Is purchasing a life insurance policy a good idea for you? The short answer is it depends on your situation. Let’s begin by understanding what life insurance is.
In its simplest form, you pay premiums to the life insurance company and it pays money to your estate or your beneficiary upon your death. But let’s be clear: On average, your estate would be worth more, if, rather than buying life insurance you wisely invested the money you would have spent on premiums. If this were not true, the insurance companies would be bankrupt and they most assuredly are not. Indeed, life insurance policies are very profitable for the companies.
Think about it. The insurance company takes your premiums and invests them. Assuming you live to a normal life expectancy, the insurance company will have X number of dollars at the time of your death. Had you taken the premiums and invested them, your estate would have the same X number of dollars upon your death (assuming you invest as well as the insurance company).
If you invest the premiums, your estate gets to keep all of the X dollars. However, the insurance company cannot pay your estate all of the X dollars.
It first has to pay all of its operating expenses -- the salaries of its executives, back office and administrative personnel; the rent on its big office buildings; the cost of its salesforce; etc. After that, the company has to make a profit for its shareholders.
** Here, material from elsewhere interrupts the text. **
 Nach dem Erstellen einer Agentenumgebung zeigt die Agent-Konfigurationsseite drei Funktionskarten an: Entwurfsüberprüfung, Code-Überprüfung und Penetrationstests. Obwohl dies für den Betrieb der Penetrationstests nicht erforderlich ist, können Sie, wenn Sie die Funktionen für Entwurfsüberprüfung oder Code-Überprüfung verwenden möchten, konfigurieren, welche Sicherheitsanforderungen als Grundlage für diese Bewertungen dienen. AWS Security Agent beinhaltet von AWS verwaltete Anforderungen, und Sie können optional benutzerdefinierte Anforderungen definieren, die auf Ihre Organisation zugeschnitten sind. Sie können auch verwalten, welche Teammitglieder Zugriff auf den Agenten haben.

The company can only afford to pay your estate a number that is less than X -- considerably less. For the company to remain solvent, the amount it pays your estate will be equal to X minus a pro rata share of the company’s costs and profit.
Assuming you achieve your full life expectancy and invest as well as the insurance company, your estate will be worth more if you invest the premiums rather than turning them over to the insurance company. Therefore, on average, life insurance is a bad deal -- it has to be.
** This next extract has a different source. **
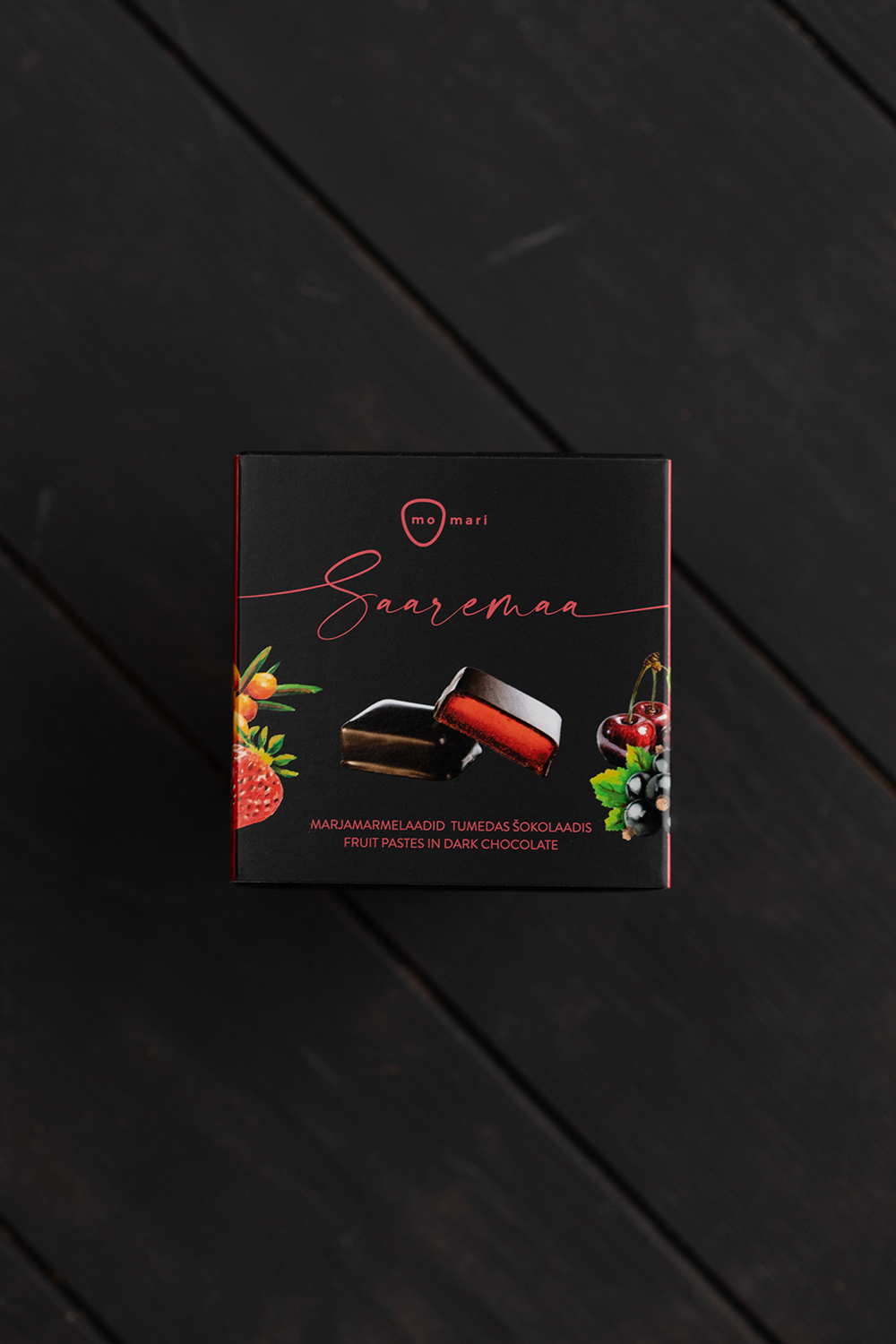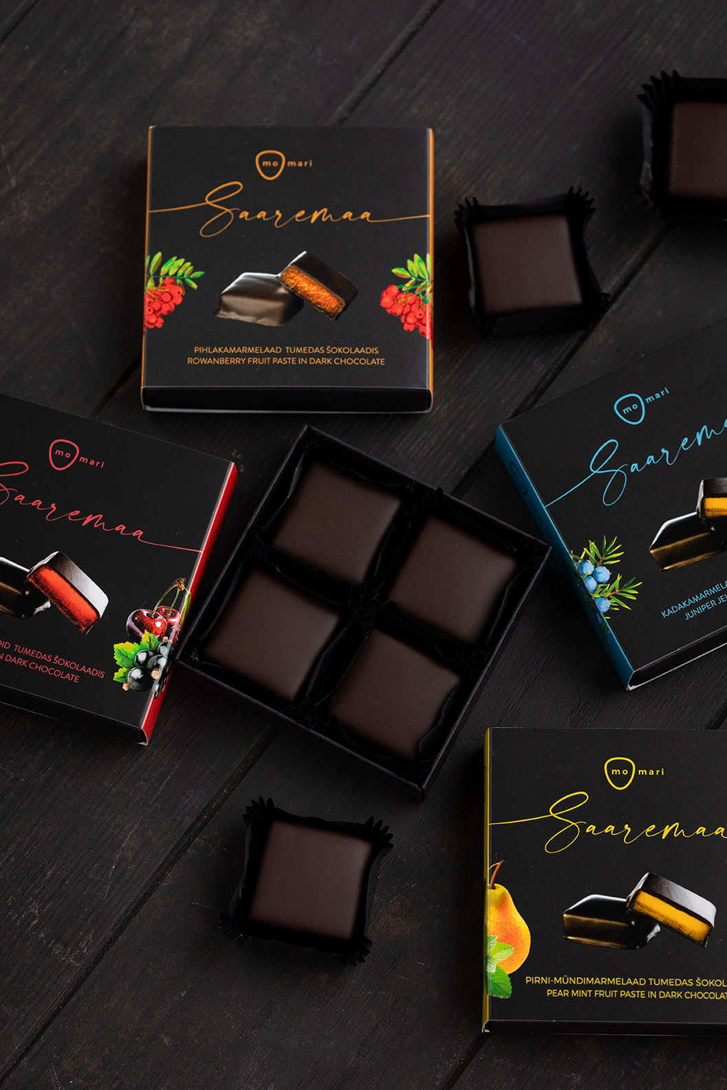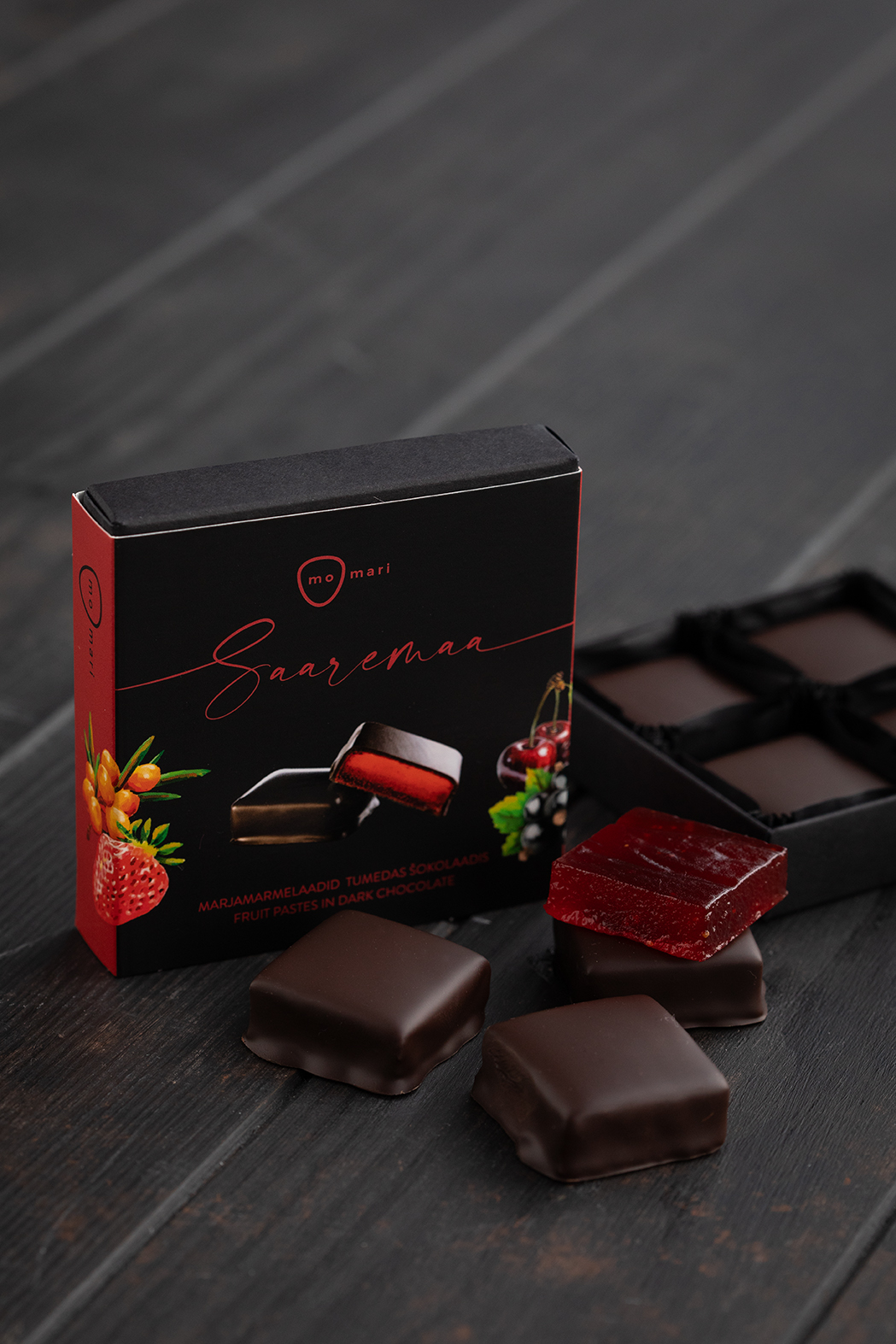 MoMari marmelaadid valmivad käsitööna puhtast marjapüreest ja on kaetud tumeda Belgia šokolaadiga.
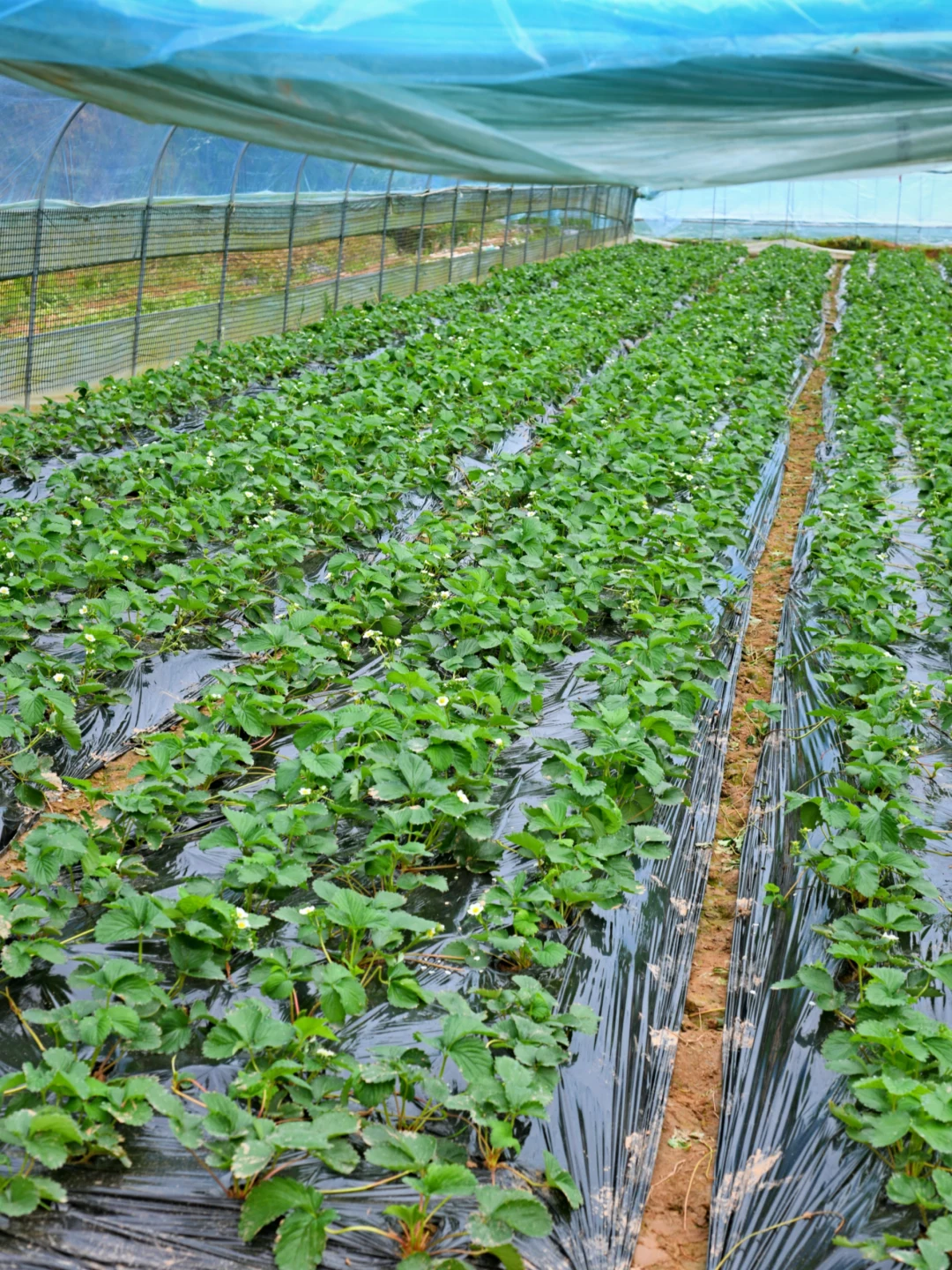 徒步沿途可见大片的草莓种植基地,冬春季果实成熟,可入园采摘。

Obviously, if you die sooner, the purchase of a life insurance policy is a better deal for your estate. Conversely, if you live longer, the purchase of life insurance is a worse deal for your estate. But on average, your estate will have more assets if you invested the premiums rather than giving them to the insurance company. On average, life insurance is a losing propositon.
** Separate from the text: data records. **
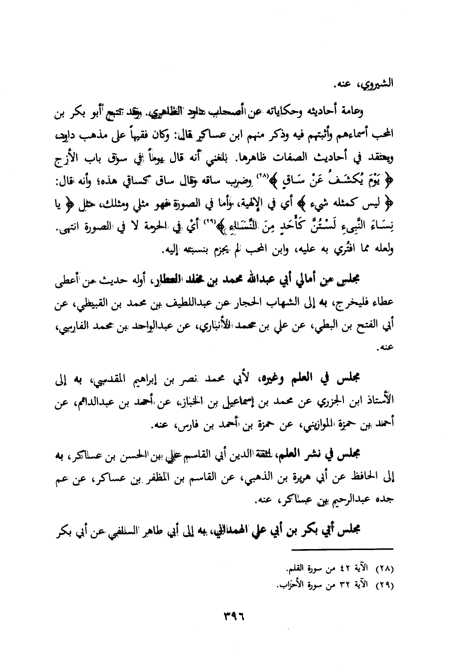 الشيروي عنه. وعامة احاديثه وحكاياته عن اصحاب داود الظاهري وقد تتبع ابو بكر بن المحب اسماءهم واثبتهم فيه وذكر منهم ابن عساكر قال: وكان فقيها علي مذهب داود ويعتقد في احاديث الصفات ظاهرها بلغني انه قال يوما في سوق باب الأزج {يوم يكشف عن ساق} وضرب ساقه وقال ساق كساقي هذه وانه قال {ليس كمثله شئ} اي في الإلهية واما في الصورة فهو مثلي ومثلك مثل {يا نساء النبي لستن كأحد من النساء} اي في الحرمة ولا في الصورة انتهي ولعله مما افتري به عليه وابن المحب لم يجزم بنسبته اليه. مجلس من امالي ابي عبد الله محمد بن مخلد العطار واوله حديث من اعطي عطاء فليخرج به الي الشهاب الحجار عن عبد اللطيف بن محمد بن القبيطي عن ابي الفتح بن البطي عن علي بن محمد الأنباري عن عبد الواحد بن محمد الفارسي عنه. مجلس في العلم وغيره لأبي محمد نصر بن ابراهيم المقدسي به الي الأستاذ ابن الجزري عن محمد بن اسماعيل بن الخباز عن احمد بن عبد الدائم عن احمد بن حمزة الموازيني عن حمزة بن احمد بن فارس عنه. مجلس في نشر العلم لثقة الدين ابي القاسم علي بن الحسن بن عساكر به الي الحافظ عن ابي هريرة بن الذهبي عن القاسم بن المظفر بن عساكر عن عم جده عبد الرحيم بن عساكر عنه. مجلس ابي بكر بن ابي علي الهمداني به الي ابي طاهر السلفي عن ابي بكر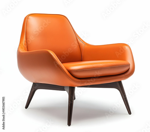 Naklejka premium Photo of an orange sofa against an empty teal wall, creating a modern and...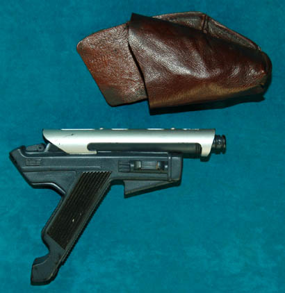 A prop energy pistol and accompanying holster featured in the Star Trek: Enterprise episode “Fallen Hero” for use by ‘Mazarite' alien characters. The item is a sturdy resin prop hand gun with a ridged grip and multiple molded details, an acrylic disk mounted in the nose of the item, and … |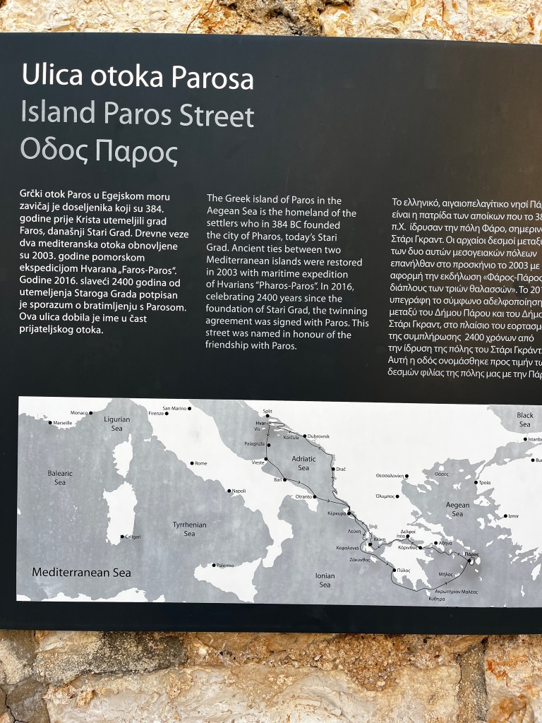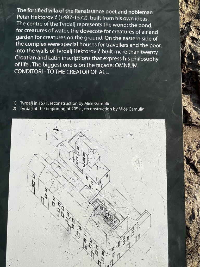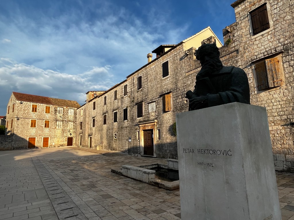 This city’s claim to fame is the massive home of Peter Hektorović (Renaissance Poet). He had over 20 quotes chiseled on the walls! He was best known for his poems about fishermen and the island and areas of Croatia. In the poem the narrator—the poet himself—describes his journey across Adriatic islands and recounts events that he and his co-travellers experienced along the path. The narrator, great aesthetic and sensitive to beauty, often describes the landscape the company sailed through, admiring the beauties of his homeland.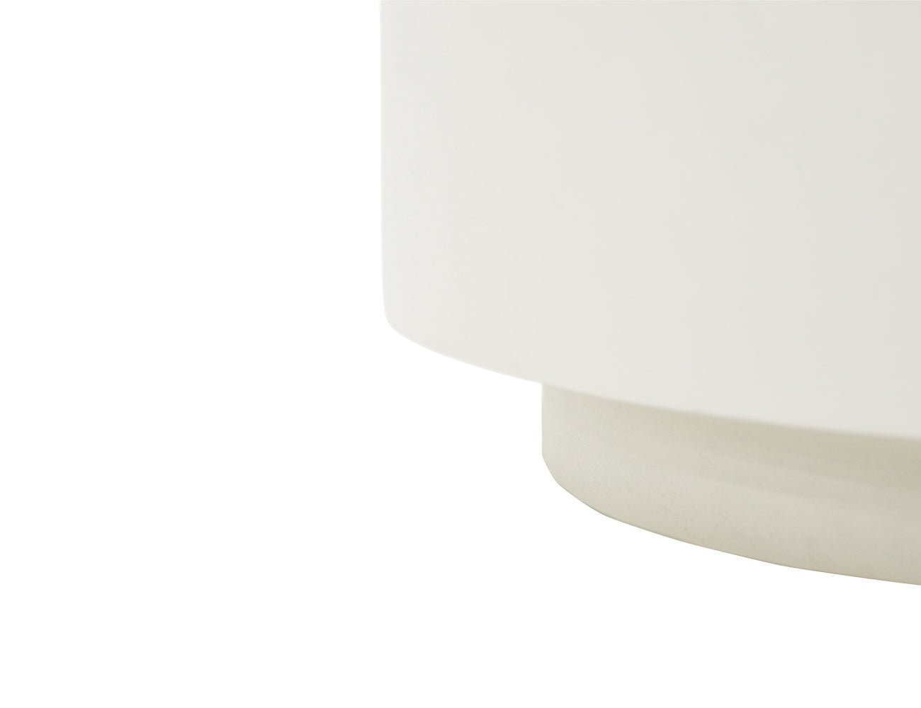 White concrete furniture has a water-based paint layer that can age over time. Indoor or covered outdoor use is recommended.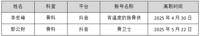 2、醫(yī)院已離職人員,但抖音仍保留我院認(rèn)證信息,如黃V認(rèn)證仍為“山西盈康一生總醫(yī)院”的醫(yī)護(hù),自離職之日起,通過其抖音賬號發(fā)布的所有內(nèi)容,包括但不限于醫(yī)療科普、病例分享、診療建議等,均屬于其個人行為,與我院無關(guān),如因此產(chǎn)生的任何后果,我院不承相關(guān)法律責(zé)任。

So why should you ever sign up for a losing proposition? The answer is that you shouldn’t unless there is some financial obligation that will remain after your early death that you would have been able to fulfill had you lived to your normal life expectancy. If you are willing to pay a premium to protect your heirs from this unfortunate possibility, life insurance may be a good investment.
Let’s consider a couple of examples. You have just graduated from college. You are marrying the most wonderful person in the world. He or she is a classmate who already has a job offer. You have been accepted to a graduate school in the same town where your future spouse’s job will be. As a full-time student, you will not be working.
Many would say, “You’re getting married, you need life insurance.” We would argue you don’t. You have no income, but you do represent an expense to the family -- you eat. You are a net financial drag on the family. It may sound harsh, but the truth is if, God forbid, you died, your spouse would actually be better off financially. Therefore, a life insurance policy on you is unnecessary at this time.
Fast forward a few years. You have completed your education. You are expecting your first child. Your spouse is planning to stay at home to take care of your offspring. You have a good job and will be the sole source of income for your young family. We would agree that, at this point, life insurance for you would be very appropriate. If you were to die, you would want your family to be protected from what might otherwise be significant financial hardship.
Is life insurance appropriate for you? It all depends. If your early demise would create a significant financial hardship for your heirs, life insurance may make sense. However, even in these situations, understand that you are paying for this protection. If you live to your full life expectancy, your heirs would have been better off if you had invested the money you might have paid in premiums.